Erik menyeringai. "Main catur."
Raven mengerjapkan kedua matanya, tidak paham. "Main catur?"
"Kau tidak akan mengerti, Raven." Erik menggerakkan menterinya. "Catur itu adalah permainan orang dewasa. Benar bukan, Charles?"
"Tentu saja, Erik." Charles menangkap menteri Erik dengan salah satu bentengnya, mengundang pekikan protes dari Erik yang dengan lihai ia acuhkan. "Catur itu selalu berkaitan dengan klaim dan teritori."
"Dan menangkap dan menandai bidak musuh kita sebagai bagian dari teritori kita," kata Erik, menangkap benteng Charles yang telah memakan menterinya dengan gajahnya yang tersisa dalam rangka balas dendam.
"Skak," ujar Charles, tidak melewatkan kesempatan dan menghantam gajah dengan bentengnya, menempatkan raja Erik dalam posisi yang tidak menyenangkan. "Dan juga sebagai adu strategi untuk menentukan siapa yang di atas."
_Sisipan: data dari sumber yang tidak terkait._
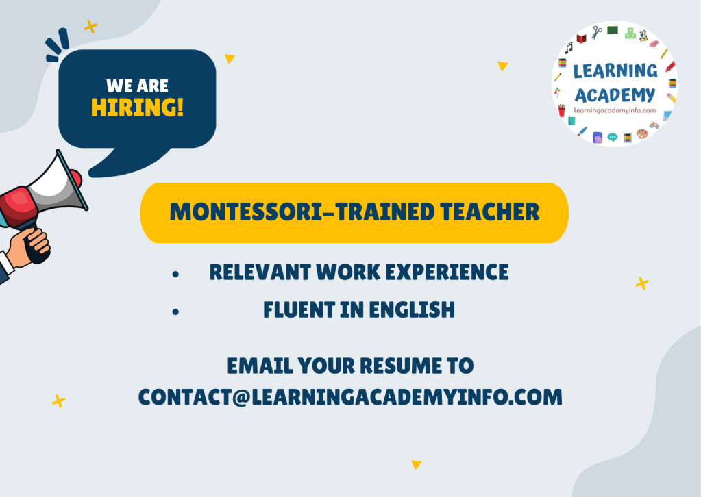 Montessori trained teachers with fluent English may email their resume to contact@learningacademyinfo.com for available opportunities. If we do not have an opening available, we will keep your resume in file for future openings.

"Kalian... benar-benar bicara tentang catur, kan?" tanya Raven sementara Erik menggerakkan rajanya satu kotak ke belakang.
"Memangnya apa lagi yang sedang kita bicarakan?" tanya Charles. Jemarinya menggerakkan menterinya ke pojok papan, sebaris dengan posisi raja Erik saat itu.
"Skakmat."
Erik menghempaskan tubuhnya ke kursi. "Lima kali, Charles. Kau pasti membaca pikiranku selama ini."
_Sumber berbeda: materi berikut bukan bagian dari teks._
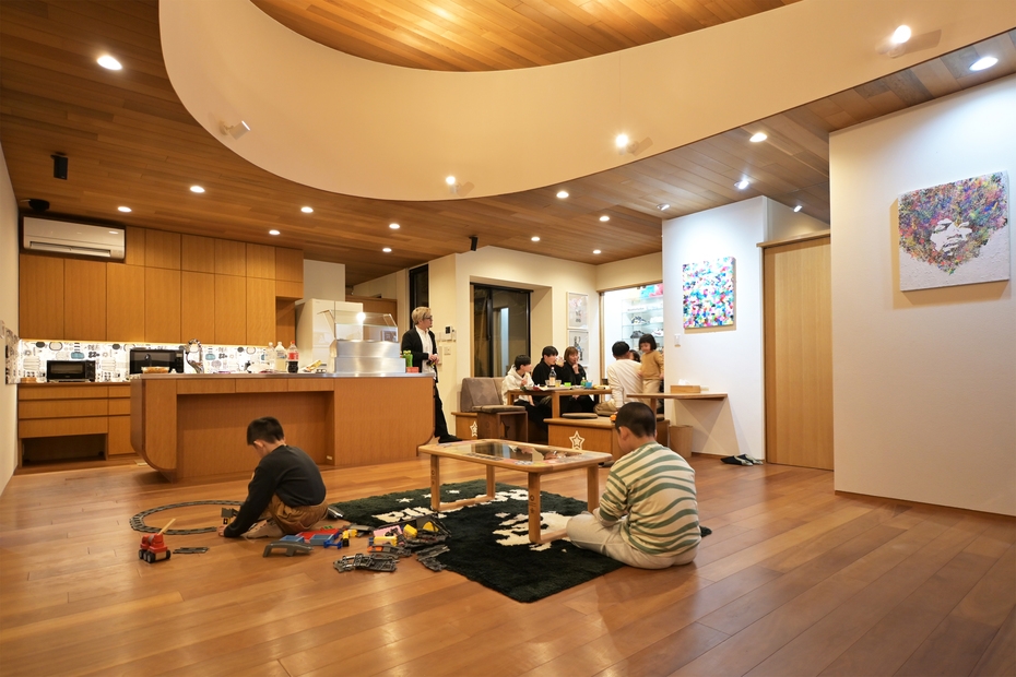 ・キッチンで料理を作り、作品に囲まれた食卓でにぎやかに過ごす

Charles tertawa. "Tentu saja tidak, temanku. Kau hanya kurang latihan."
"Oh," kata Raven dengan seringai yang tidak dapat berarti baik, "Apakah ini berarti Charles selalu di atas?"
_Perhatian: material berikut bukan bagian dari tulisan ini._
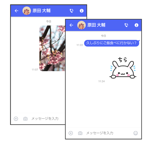 写真や動画はもちろん、スタンプや現在地の情報を送受信することもできます。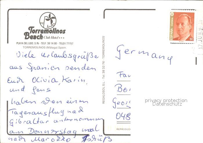 old postcard Torremolinos Playa del Lido Strand Hotels Swimmingpool postalisch gelaufen Erhaltung siehe scans

Erik membenamkan wajahnya di telapak tangan dan membiarkan dirinya terbenam dalam kegelapan. Di seberang papan catur, Charles tertawa terpingkal-pingkal. Raven mengeluarkan pekikan kecil ketika beban yang ia angkat menjadi sangat berat. Dasar Magneto.
Pesan moral yang bisa saya tangkap dari film layar lebar X-men sejauh ini adalah bahwa kita dapat mengubah alur cerita komik seenaknya asalkan pola alami tetap ada, yaitu bahwa Magneto tetap membuat Brotherhood of evil mutant dan berseteru dengan Charles Xavier yang memimpin X-men, usia dan timeline adalah sesuatu yang non esensial. Siapapun itu yang bikin plot cerita buat X-men First Class, saia mengucapkan terima kasih yang sebesar-besarnya.